The G2 is no treaty — it’s a mirror. It reflects a world where two powers can neither separate nor dominate.

When Donald Trump proclaimed before his October 2025 meeting with Xi Jinping that “the G2 will be convening shortly!,” he revived a concept long forgotten in diplomacy. The term G2, short for Group of Two, once symbolized a proposal that the United States and China — the world’s two largest economies — could jointly manage global affairs.

How the Idea Began

The “G2” was first floated in the late 2000s by economist C. Fred Bergsten, who envisioned Washington and Beijing coordinating on trade, climate, and global finance. The plan faltered: China refused to play junior partner, and the U.S. feared granting parity to a rising rival. As tensions deepened, the concept disappeared — until now.

Trump’s Revival

In his second term, Trump resurrected the G2 not through negotiation but through declaration.
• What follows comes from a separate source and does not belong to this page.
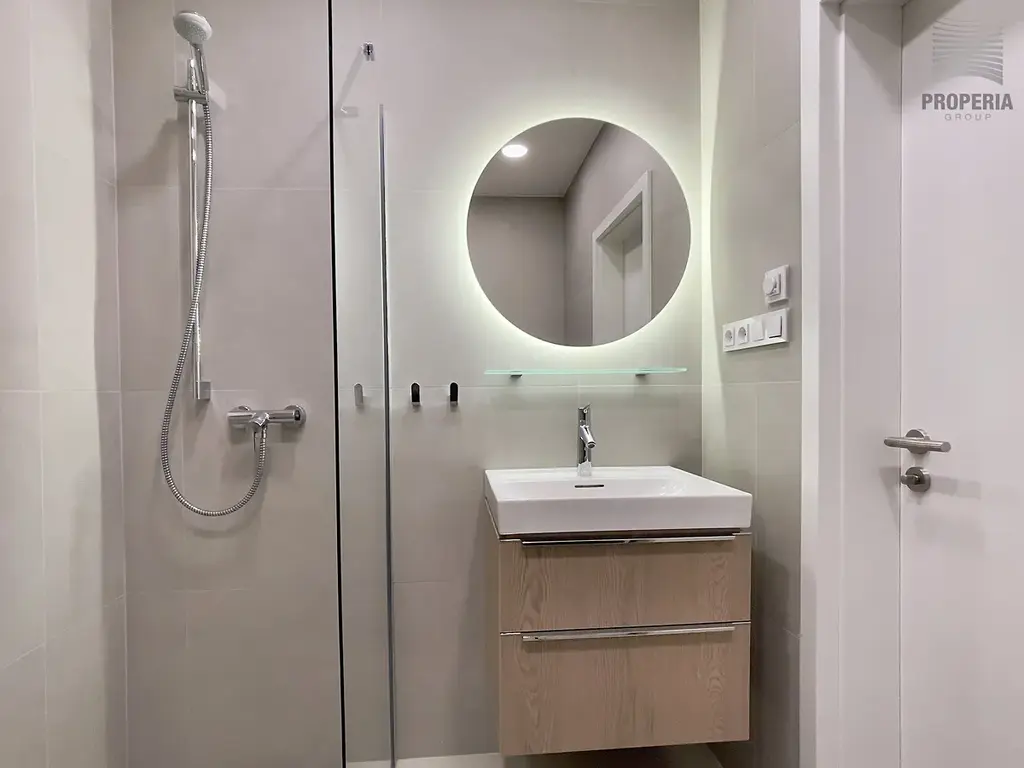 Interiér byl navržen s důrazem na kvalitu, funkčnost a čistý moderní styl. Součástí pronájmu je kompletní vybavení, které výrazně zvyšuje komfort každodenního bydlení. Kuchyňská linka se spotřebiči (trouba, elektrická varná deska, digestoř, myčka, lednice, kávovar, rychlovarná konvice) i vybavením (nádobí a příbory). Dále pračka se sušičkou, nechybí ani televize, připojení k internetu, postel a prostorné vestavěné skříně na chodbě i v ložnici. Samozřejmostí jsou okenní rolety.

Ahead of his summit with Xi in Busan, he cast the meeting as the G2’s return, later calling it “amazing” and praising Xi as “a tremendous leader.”

For Trump, the phrase serves a dual purpose. Domestically, it dramatizes his self-image as the deal-maker who alone can stabilize ties with Beijing. Internationally, it reframes U.S.–China competition as a potential partnership between equals — a message that both flatters China and unsettles America’s allies.

China’s Cautious Embrace

Beijing’s reaction was measured but positive. State media highlighted Trump’s remarks as proof that the U.S. now acknowledges China’s equal stature. Yet China knows a formal G2 could alienate the Global South and expose it to Washington’s unpredictability. Xi is likely to welcome the symbolism while pursuing issue-by-issue bargains instead.

If the G2 Became Real

Together, the U.S. and China represent over 40 percent of global GDP, dominate technology and manufacturing, and shape supply-chain and climate outcomes. A functioning G2 could, in theory, stabilize global markets, coordinate AI and energy standards, and manage flashpoints like Taiwan.

But it would also unsettle others. Japan, India, Europe, and ASEAN would fear being sidelined. Global decision-making could narrow to two capitals, reviving a 21st-century form of great-power condominium — efficient, but exclusionary.

A Mirror of Our Times

Whether Trump’s G2 becomes policy or just rhetoric, it signals a deeper truth: the world has entered an era of bipolar interdependence. Neither power can dominate alone, and neither can afford to ignore the other.

The G2 idea — once about co-managing globalization — now reflects an attempt to manage fragmentation. If handled wisely, it could impose stability on a fractured order. Mishandled, it could harden divisions between two empires destined to share an uneasy throne.